5 Takeaways From WD-40's Earnings Announcement

Summary
- WD-40’s flagship multi-purpose petroleum lubricant served as a catalyst for revenue expansion.
- Robust revenue expansion in the Asia-Pacific region was offset by revenue declines in its EMEA region.
- WD-40 sports a rock solid balance sheet that should help it get through any rough patches.
On Jan. 7, multipurpose and household cleaner company WD-40 (NASDAQ: NASDAQ:WDFC) came out with its Q1 FY 2015 earnings announcement. WD-40 could have done better. However, there are some bright spots worth noting. Let's take a look and see what is going on with this company.

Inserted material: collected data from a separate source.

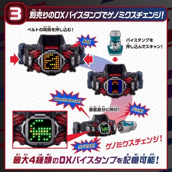 また、別売りのDXバイスタンプシリーズを画面部分に押印することで劇中のゲノミクスチェンジを再現することができます。ベルト本体の両側を2回押し込むと、必殺技待機音が発動。さらに両側を押し込むことでゲノミクスチェンジの際に記憶した最大4種類のDXバイスタンプシリーズ固有の必殺技音が発動します。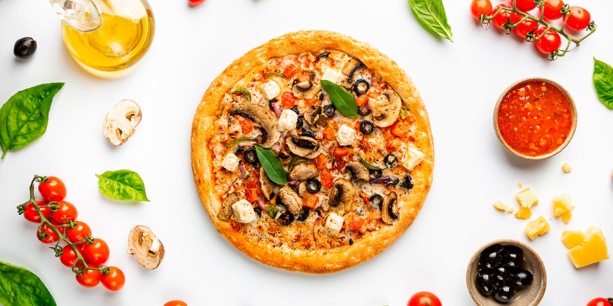 rajčatové sugo, sýr, šunka, žampiony*česnek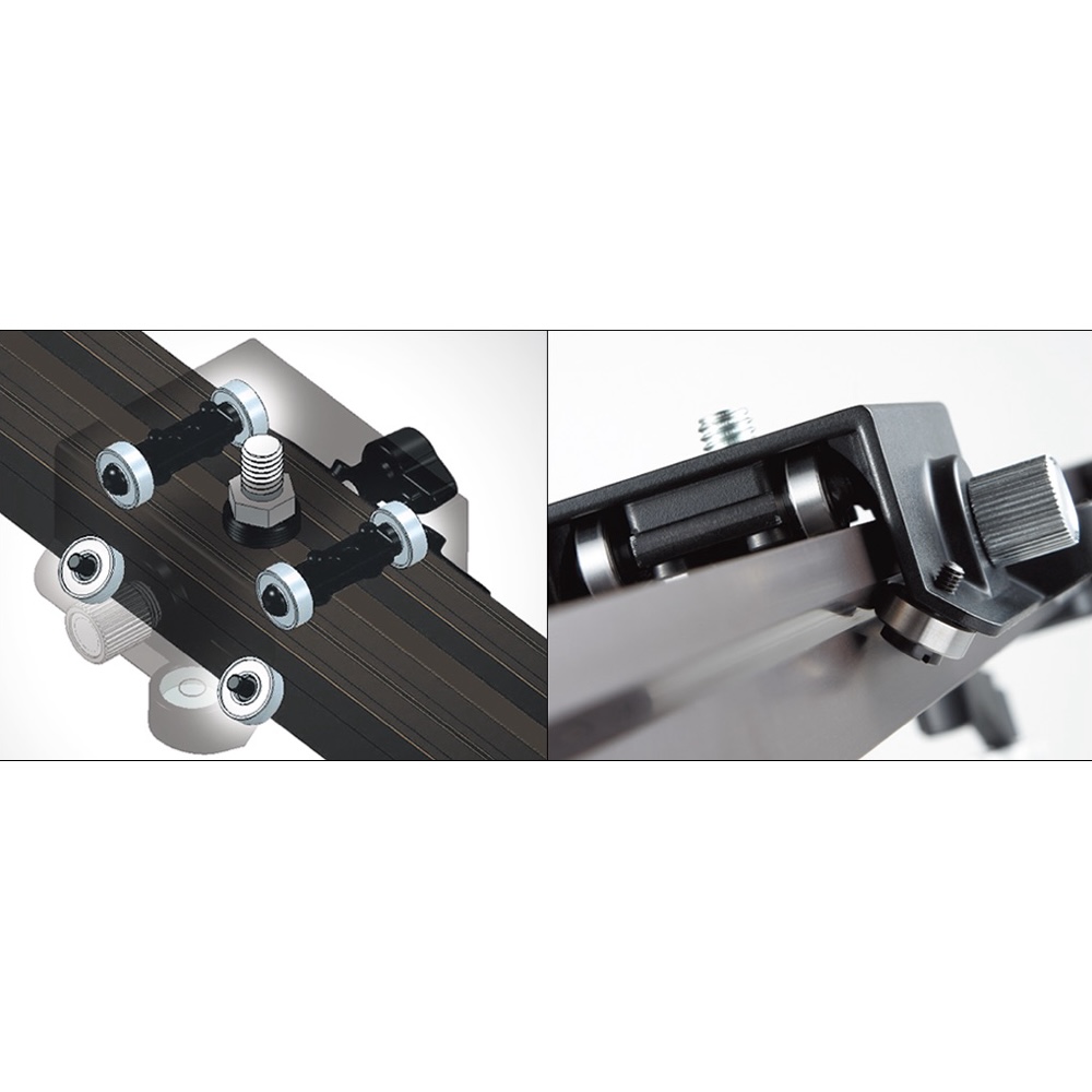 高精度ボールベアリングが計8個装着されています。さらにボールベアリングの内部に特殊グリースを充填。滑らかで粘りのあるコントロール性能に優れたスライダーショットを実現します。また、レール上面と背面斜めの角度からベアリングで挟みこむ構造により、使用後もガタつきを発生させません。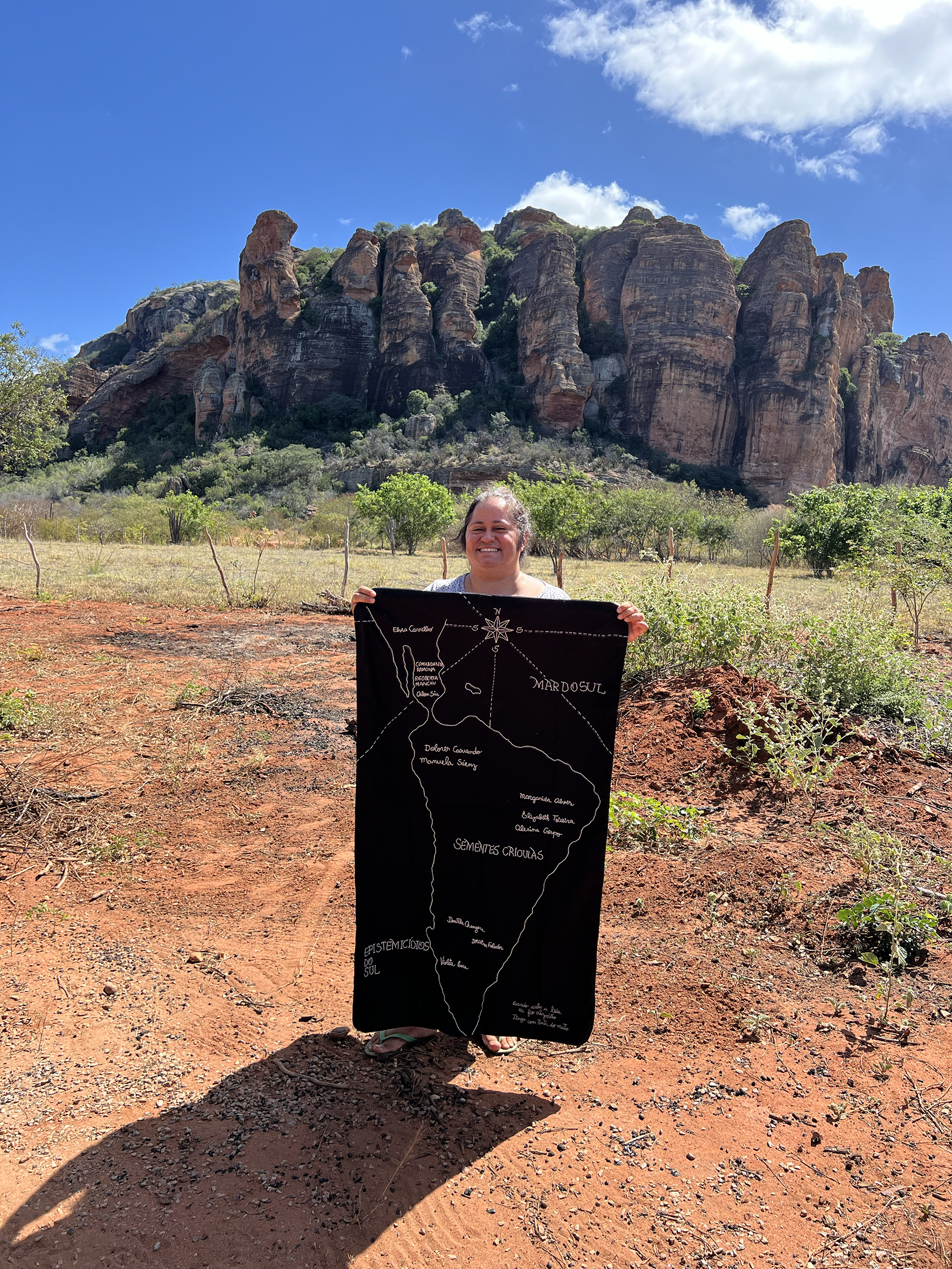 Tininha Llanos (b. 1978, Cristina – MG, BR) lives and works in Serra da Capivara, Piauí, Brazil. She is a visual artist with a degree from UFBA, a curator, and a cultural manager. She also works as a tour guide (IFPI) and a visitor guide accredited by ICMBio in the Serra da Capivara National Park.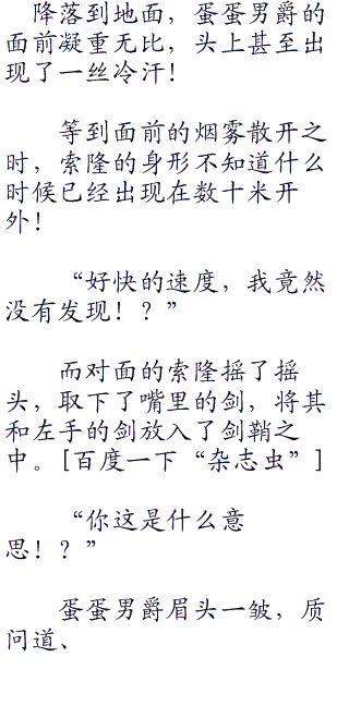 索隆一早就瞄上了蛋蛋男爵,他知道,此人也是一名剑士,虽说还存在另一人,但是他恐怕厉害的是其能力!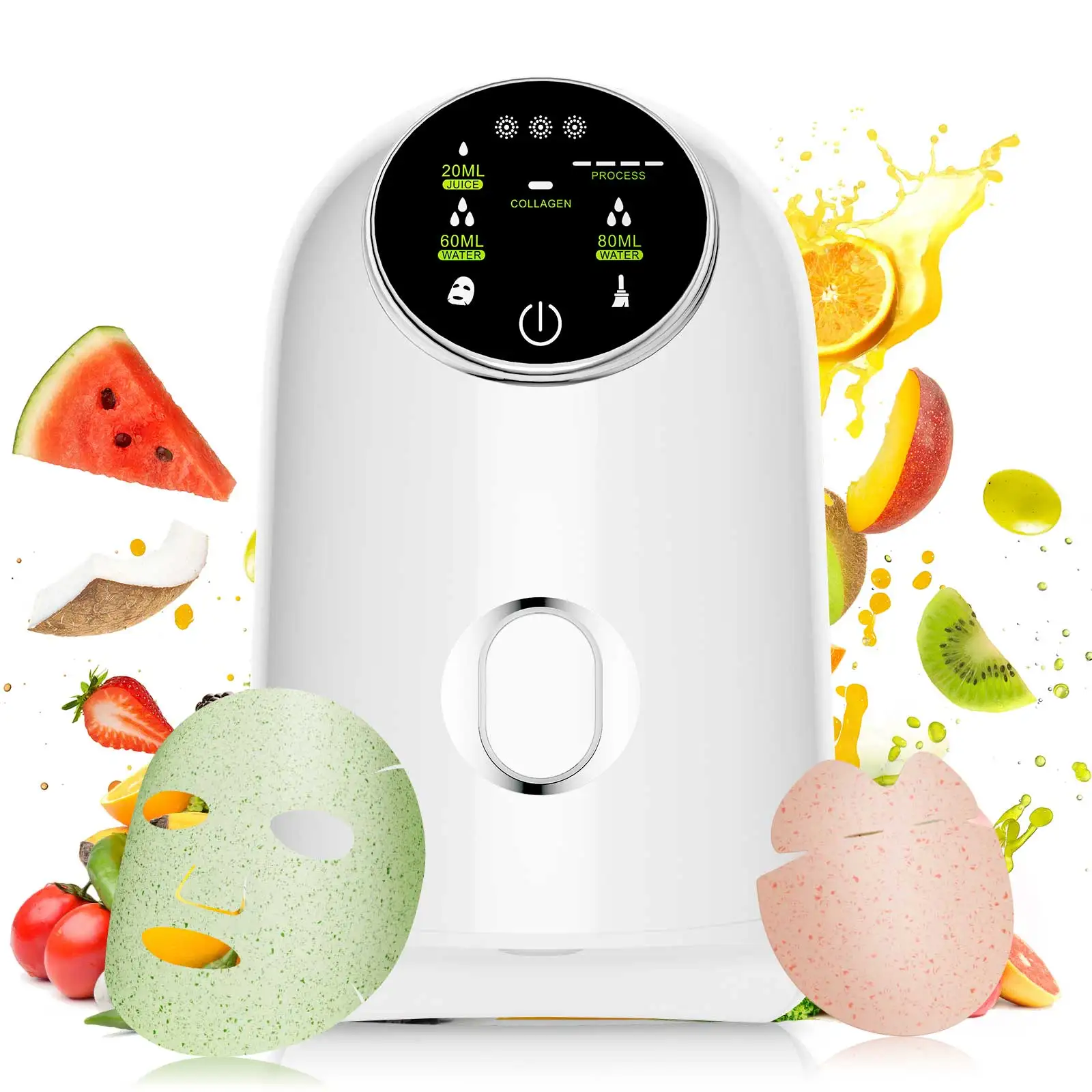 Обратите внимание, что продукт не включает функцию сжатия сока, пожалуйста, подготовьте 20 мл сока перед изготовлением маски и Смешайте сок с водой пропорционально в соответствии с инструкцией.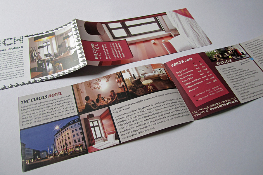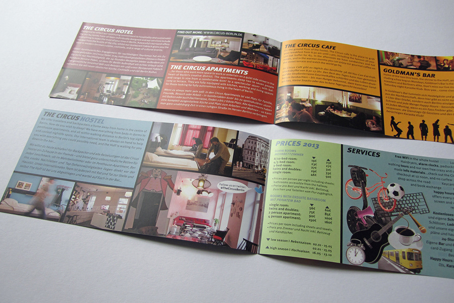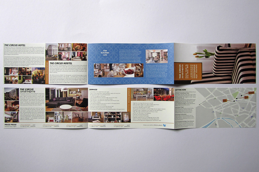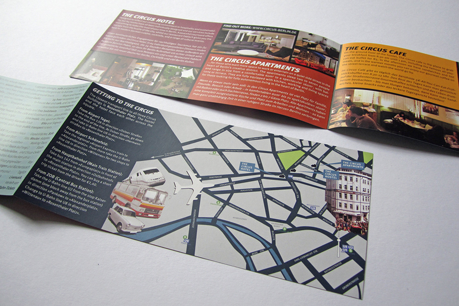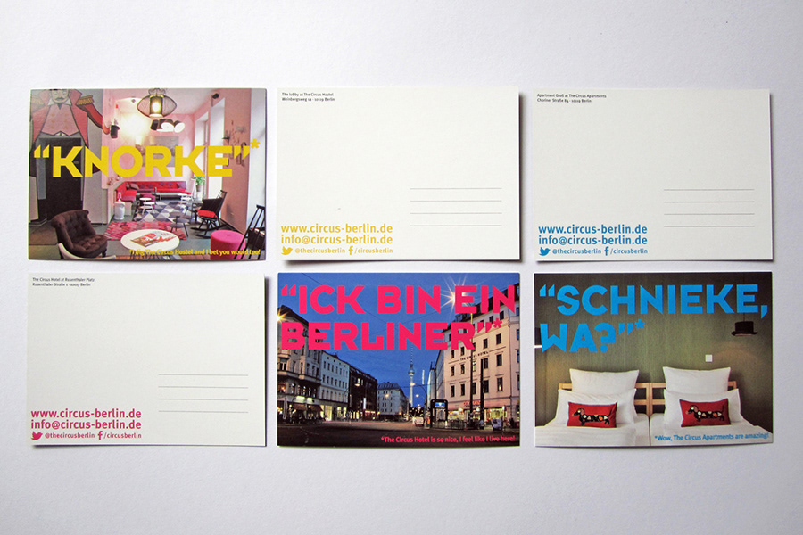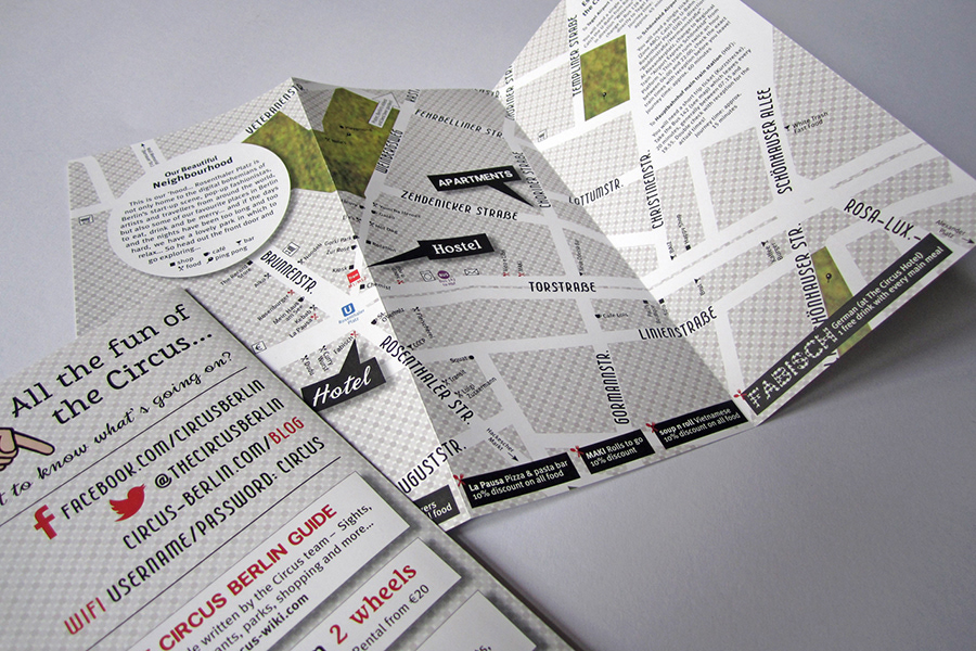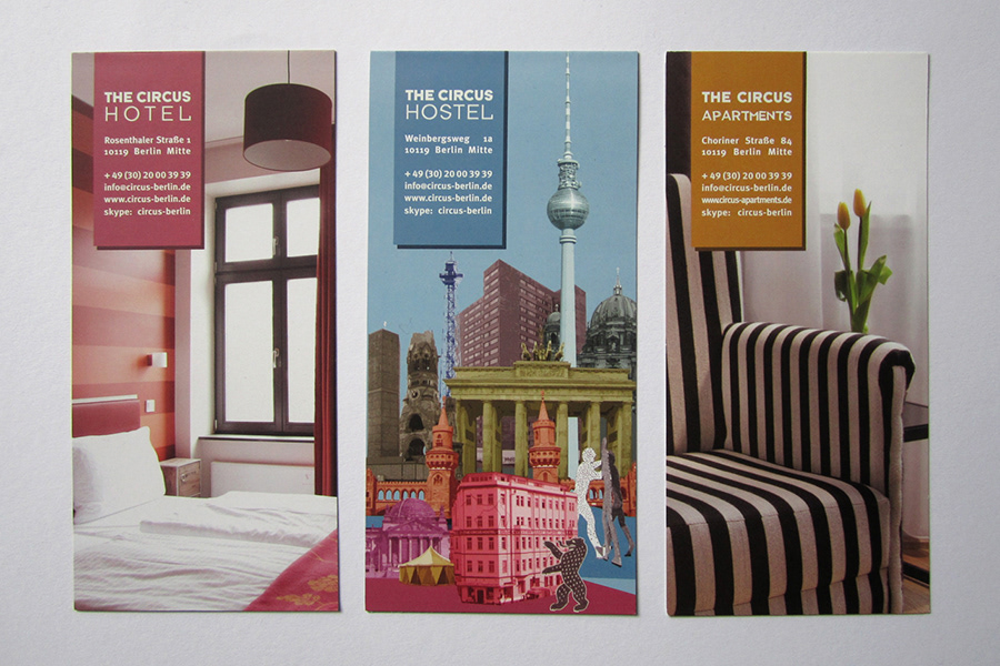 Design of various print matter for The Circus hotel, hostel and apartments from my time working there as graphic and interior designer 2010–2014.

Revenue increased slightly
In the most recent quarter, WD-40's overall revenue expanded 0.85% year-over-year. WD-40's famous multi-purpose products contributed to the entire overall gain in revenue (see table below). The Americas region grew its revenue 2% year-over-year. Latin Americans are heavily adopting the useful product which overcame softness in more developed regions. Sales in the United States remained constant according to the earnings announcement. WD-40 could have run some promotions coupled with cost control measures to cover marketing costs to entice more customer purchases in that region as well. In Canada, WD-40 saw decreased sales due to "changes in distribution and the timing of customer specific promotions" which means the challenges in the region could be temporary.
Also, within the Europe, Middle East, Africa and Indian regions (EMEA), WD-40 saw demand decline when promotional activity was lifted. Moreover, adverse currency translations served as a headwind in this region. Robust growth in the Asia-Pacific essentially served as an offset against revenue declines in that region.
WD-40 Q1 FY 2015 Sales by Product (In Thousands) | ||||
Product | 11/30/2014 | 11/30/2013 | Gain | % Change |
Multi-purpose maintenance products | $84,904 | $83,986 | $918 | 1% |
Homecare and cleaning products | $11,449 | $11,555 | -$106 | -1% |
Total | $96,353 | $95,541 | $812 | 1% |
WD-40 Q1 FY 2015 Sales by Geography (In Thousands) | ||||
Geographic region | 11/30/2014 | 11/30/2013 | Gain | % Change |
Americas | $44,773 | $44,062 | $711 | 2% |
EMEA | $34,591 | $36,516 | -$1,925 | -5% |
Asia-Pacific | $16,989 | $14,963 | $2,026 | 14% |
Total | $96,353 | $95,541 | $812 | 1% |
Source: Company earnings announcement
Net income declined
While WD-40's revenue barely gained, its quarterly operating expenses expanded 4% contributing to a 6% decline in net income vs. the same time last year. WD-40 faces market saturation in more developed regions which means that part of the profitability expansion needs to come from overall cost control.
Free cash flow expanded
WD-40's free cash flow expanded 41% vs. the same time last year. Favorable changes in assets and liabilities contributed to this vast increase in free cash flow, especially in the other assets and inventory category. Operating cash flow expanded 40% easily overcoming the 33% increase in capital expenditures.
Balance Sheet is excellent
WD-40 possesses an excellent balance sheet which is a rarity. WD-40's $89 million in cash and short-term investments equates to a whopping 56% of stockholder's equity. I like to see companies maintain a cash and short-term investments balance equating to more than 20% of stockholder's equity to get them through rough times. WD-40 possesses no long-term debt which means it doesn't further constrict net income and free cash flow with interest cost.
Dividend
WD-40 pays a dividend. The best way to gauge dividend sustainability is to compare how much a company pays out in dividends vs. its free cash flow. In the most recent quarter, WD-40 paid out 63% of its free cash flow in dividends. In FY 2014, WD-40 paid out 61% of its free cash flow in dividends. I like to see companies pay out 50% or less of their free cash flow in dividends and retain the rest for reinvestment back into the business. Currently, the company pays its shareholders $1.52 per share per year and yields 1.8%.
Looking ahead
WD-40 is a good company that sells a pragmatic and needed product. The company has given its shareholders a total return of 22% vs. 7% for the S&P 500 since I first wrote about it in August (chart below).
WDFC Total Return Price data by YCharts
Currently, the company trades at a P/E ratio of 30 vs. 19 for the S&P 500 and 23 for the company's five-year average making it vastly overvalued. Investors may want to wait for a correction before buying.